§ **Supplied entries**:
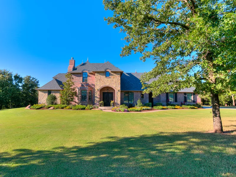 This elegant residence situated on 2.5 acres of meticulously maintained grounds offers an exceptional layout enhanced by sophisticated craftsmanship. The impressive grand foyer opens to a formal dining room ideal for all your holiday gatherings. Two gracious islands, double ovens, copper sinks, gas cooktop, additional prep sink, and a casual breakfast nook finish the classically designed kitchen. The living room features a coffered ceiling and custom built-ins along with one of the incredible fireplaces. Escape to the generous first floor master suite with cozy sitting area, fireplace, double vanities, and custom his and hers closets. A study, guest suite, large laundry room, and mudroom complete the first floor. Upstairs you are met with 2 ensuites with custom closets and a bonus living area that includes a balcony overlooking the expansive private backyard. Other notable features include an outdoor kitchen, storm shelter, and three car garage. Schedule your private tour today!
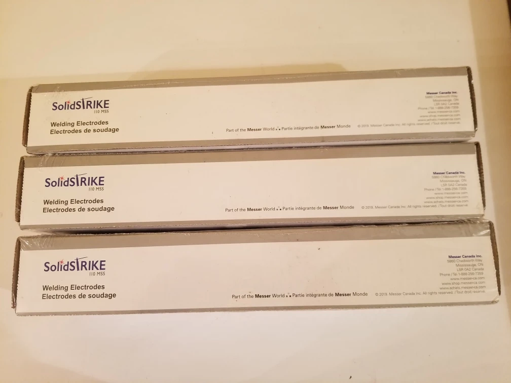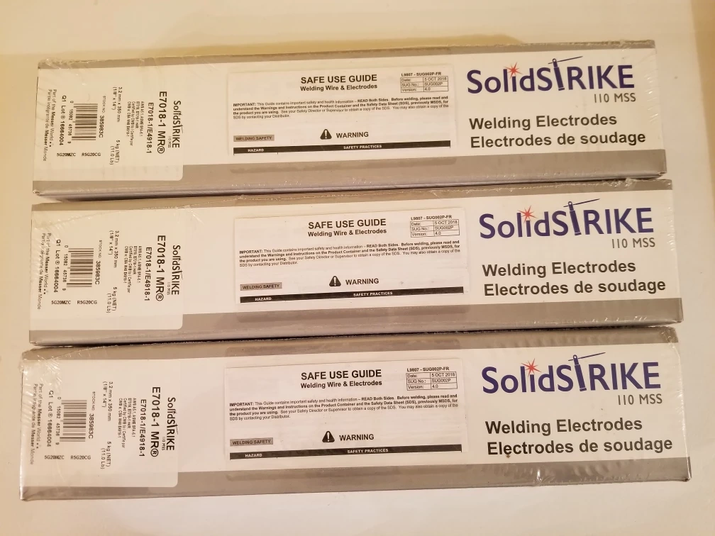 Three unopened boxes of SolidStrike 110 MSS MR welding electrodes. E7018-1/E4918-1 Weight: 5kg (11.0Lb) Each Size: 3.2mm × 350mm $195 OR MAKE ME A BETTER OR REASONABLE OFFER
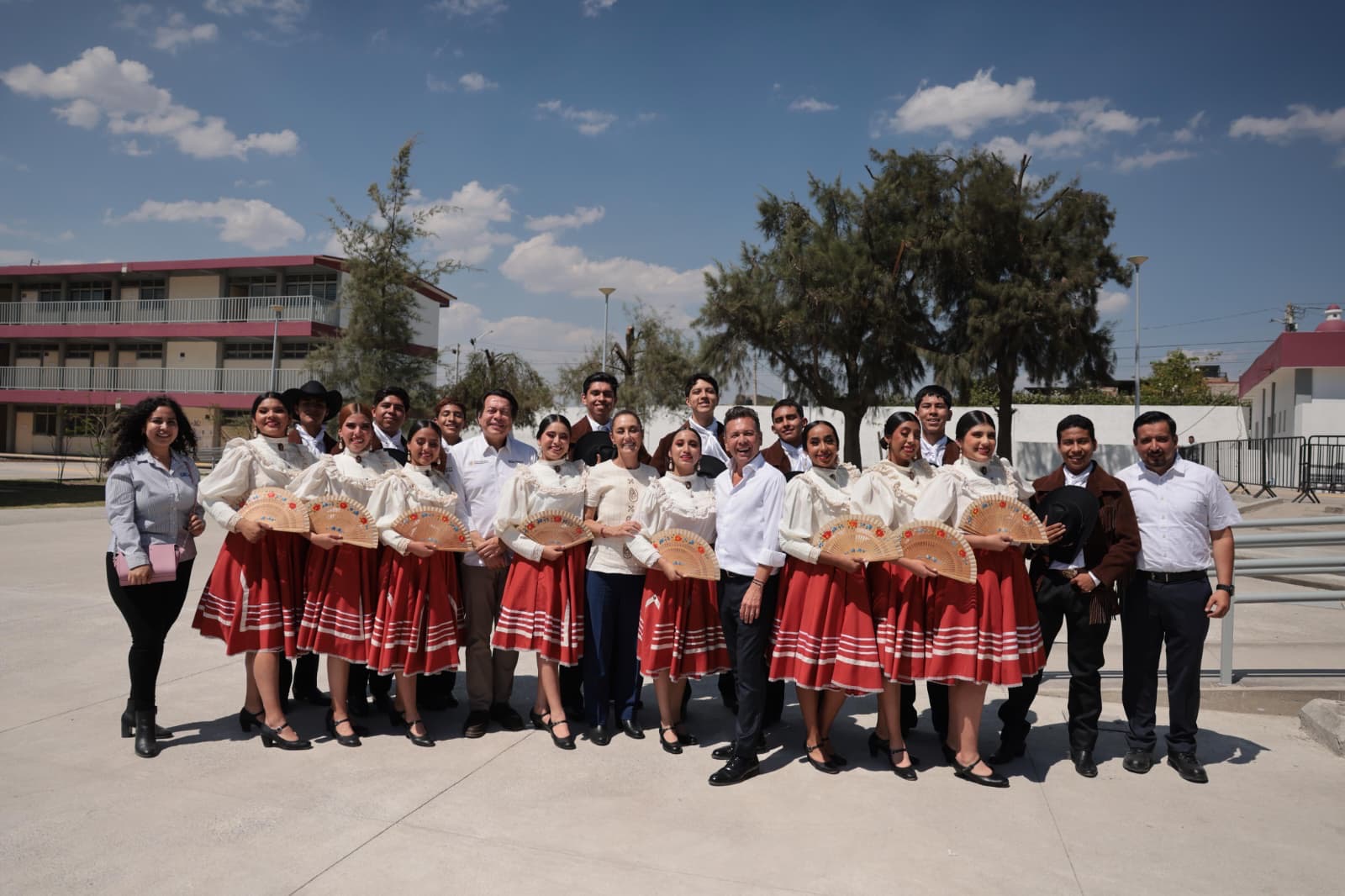 Durante la ceremonia, la alumna Alejandra Esperanza López Rodríguez, en representación de la comunidad estudiantil, agradeció a la Presidenta de México por la construcción de la nueva preparatoria, señalando que permitirá a las y los jóvenes estudiar y convivir en un entorno de paz y aprendizaje.
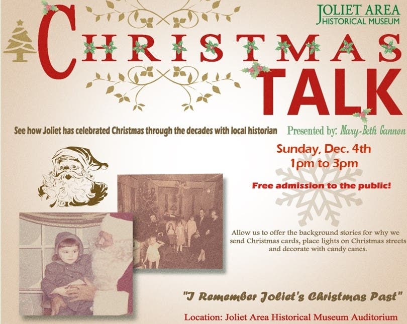 On Sunday, December 4th from 1pm to 3pm, the Joliet Area Historical Museum and local historian Mary Beth Gannon are happy to present "Christmas Talks - I Remember Christmas Past".
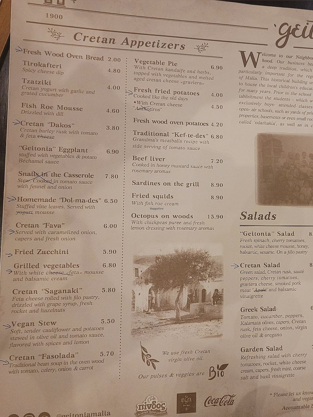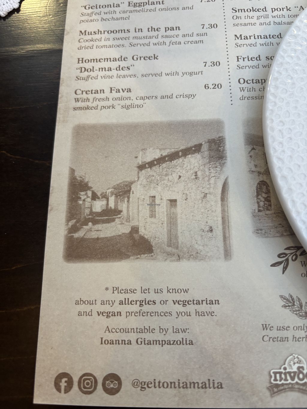 Serves meat, vegan options available. Greek restaurant offering several vegan and vegetarian dishes that can be made vegan by removing the dairy. Vegans can have the stuffed vine leaves, barley rusk with tomatoes, grilled vegetables, Greek salad, Cretan salad, Cretan fava puree, stuffed tomatoes & peppers, fried zucchini, fasolada (Cretan bean soup with tomatoes), Napolitana pasta and skioufikta (housemade pasta with vegetables & tomato soup). Open Mon-Sun 2:00pm-11:30pm. Hours are subject to season - check ahead.

§ **Task requirements**:
What is needed is every line of the data above, set down exactly but with the images left out.

§ **Expected output**:
 This elegant residence situated on 2.5 acres of meticulously maintained grounds offers an exceptional layout enhanced by sophisticated craftsmanship. The impressive grand foyer opens to a formal dining room ideal for all your holiday gatherings. Two gracious islands, double ovens, copper sinks, gas cooktop, additional prep sink, and a casual breakfast nook finish the classically designed kitchen. The living room features a coffered ceiling and custom built-ins along with one of the incredible fireplaces. Escape to the generous first floor master suite with cozy sitting area, fireplace, double vanities, and custom his and hers closets. A study, guest suite, large laundry room, and mudroom complete the first floor. Upstairs you are met with 2 ensuites with custom closets and a bonus living area that includes a balcony overlooking the expansive private backyard. Other notable features include an outdoor kitchen, storm shelter, and three car garage. Schedule your private tour today!
 Three unopened boxes of SolidStrike 110 MSS MR welding electrodes. E7018-1/E4918-1 Weight: 5kg (11.0Lb) Each Size: 3.2mm × 350mm $195 OR MAKE ME A BETTER OR REASONABLE OFFER
 Durante la ceremonia, la alumna Alejandra Esperanza López Rodríguez, en representación de la comunidad estudiantil, agradeció a la Presidenta de México por la construcción de la nueva preparatoria, señalando que permitirá a las y los jóvenes estudiar y convivir en un entorno de paz y aprendizaje.
 On Sunday, December 4th from 1pm to 3pm, the Joliet Area Historical Museum and local historian Mary Beth Gannon are happy to present "Christmas Talks - I Remember Christmas Past".
 Serves meat, vegan options available. Greek restaurant offering several vegan and vegetarian dishes that can be made vegan by removing the dairy. Vegans can have the stuffed vine leaves, barley rusk with tomatoes, grilled vegetables, Greek salad, Cretan salad, Cretan fava puree, stuffed tomatoes & peppers, fried zucchini, fasolada (Cretan bean soup with tomatoes), Napolitana pasta and skioufikta (housemade pasta with vegetables & tomato soup). Open Mon-Sun 2:00pm-11:30pm. Hours are subject to season - check ahead.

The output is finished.